The most effective way to construct prosodic sentences automatically (i.e. barring a return to the audio data) is to process the Word table, which contains the relevant values for EndNote (a.k.a. "end tone" or "transitional continuity" [TC]). An algorithm that processes the EndNote value allows the assignment of each intonation unit (in the Unit table) to a unique prosodic sentence. Each time a prosodic sentence is identified, an integer ID value (pSentID) is generated for it. This pSentID is written first into the Unit table. Starting from the enriched Unit table, we use this to construct the prosodic sentence table. We can then select all the elements (words, etc.) that belong to a given prosodic sentence.

To provide evidence supporting the location (and strength) of each prosodic sentence boundary, it is also useful to collect information about the gaps (if any) that precede and follow a given prosodic sentence. The Gap concerns the "empty" space between same-side prosodic sentences: that is, the gap between the current prosodic sentence and the next prosodic sentence in the same side (by the same speaker). The gap between one same-side prosodic sentence and the next may consist of a few seconds of silence, or words spoken by a different speaker. Either way, it can be measured, whether in seconds or words. Collecting data on gaps has the potential to yield important insights about the production and processing of intonation units, prosodic sententences, and turns.
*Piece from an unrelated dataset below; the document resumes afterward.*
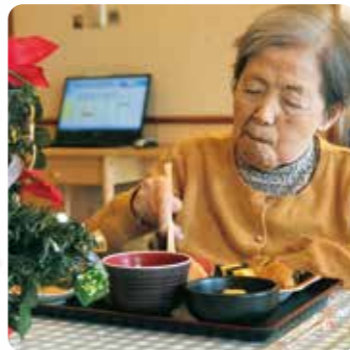
お寿司とってもおいしいね

The default sort order for the prosodic sentence table should be (1) discoID (2) start. Sorting by the start time will put the prosodic sentences in the temporal sequence in which they were uttered in the conversation. (Another useful sort is by participant or side, i.e. by pID.)

Field Description
discoID Index value for each discourse; a unique value for each conversation in the corpus (e.g. SBC001, SBC002, SBC003... in the Santa Barbara Corpus)
pID participantID
speaker name of speaker, participant, or agent
pSentID prosodic sentence ID: integer identifier (for each conversation, restart numbering at 1)
startTime start time of prosodic sentence
endTime end time of prosodic sentence
lastEndNote endNote (comma, period, question mark, double hyphen) of the last intonation unit in the prosodic sentence
lastClosure closure (open, close, break) of the last intonation unit in the prosodic sentence
pauseCount count of pauses in this unit (sum of values in Word or Unit table)
microPauseCount count of micropauses in this unit (sum of values in Word or Unit table)
lenSec length of the prosodic sentence in seconds
lenWords length of the prosodic sentence in words
lenUnits length of the prosodic sentence in units (e.g. intonation units)
gapSec gap between the current and immediate prior prosodic sentence by any speaker, in seconds
gapWords gap between the current = and immediate prior prosodic sentence by any speaker, in words (spoken by other speakers)
pauseSec total pauses (silence) that are internal to the current unit, i.e. silent pauses (sum in seconds)
words "clean" version of the text of the prosodic sentence, containing the words from each intonation unit in the prosodic sentence, plus the unit-final prosody for each intonation unit (that is, the "endNote", e.g. comma, period, question mark, or double hyphen [for IU truncation]). (Do not include "not applicable" [n/a or nan, etc.] unless there are no actual words in the whole prosodic sentence.)

Side

This table is designed to represent the key features of each side in the conversation (that is, the set of all utterances produced by a given speaker, but only by that speaker, and only in that conversation).

Field Description
discoID Index value for each discourse; a unique value for each conversation in the corpus (e.g. SBC001, SBC002, SBC003... in the Santa Barbara Corpus)
sideID unique ID for each side of the conversation (for each conversation, restart numbering at 1)
pID participantID
speaker name of speaker, participant, or agent for this side
lenSec length of the side in seconds
lenWords length of the side in words

Discourse

This table is designed for annotating important details about the discourse (e.g. conversation, business meeting, lecture, etc.)

Field Description
discoID Index value for each discourse; a unique value for each conversation in the corpus (e.g. SBC001, SBC002, SBC003... in the Santa Barbara Corpus)
title [Descriptive title of this discourse]
corpus "Santa Barbara Corpus of Spoken American English"
corpusShort "SBC"
[misc] (Various details about the speech event and recording, in several fields)
lenSec length of the discourse in seconds
lenWords length of the discourse in words

Link

The concept of a link represents a powerful tool for showing relationships of all kinds in Rezonator. Links include traditional relationships between two words, such as:

  • coreference between a referent and its antecedent
  • resonance between a word in one sentence (target) and a prior word (base) in a parallel sentence
  • syntactic dependency between a head and its dependent (that is, a head and its modifier)
  • linear sequence between the first word and the second word of a clause

The key to the Link grid is the relationship between source (first node), goal (second node), and role (the quality of the relationship between source and goal, which labels the link or edge).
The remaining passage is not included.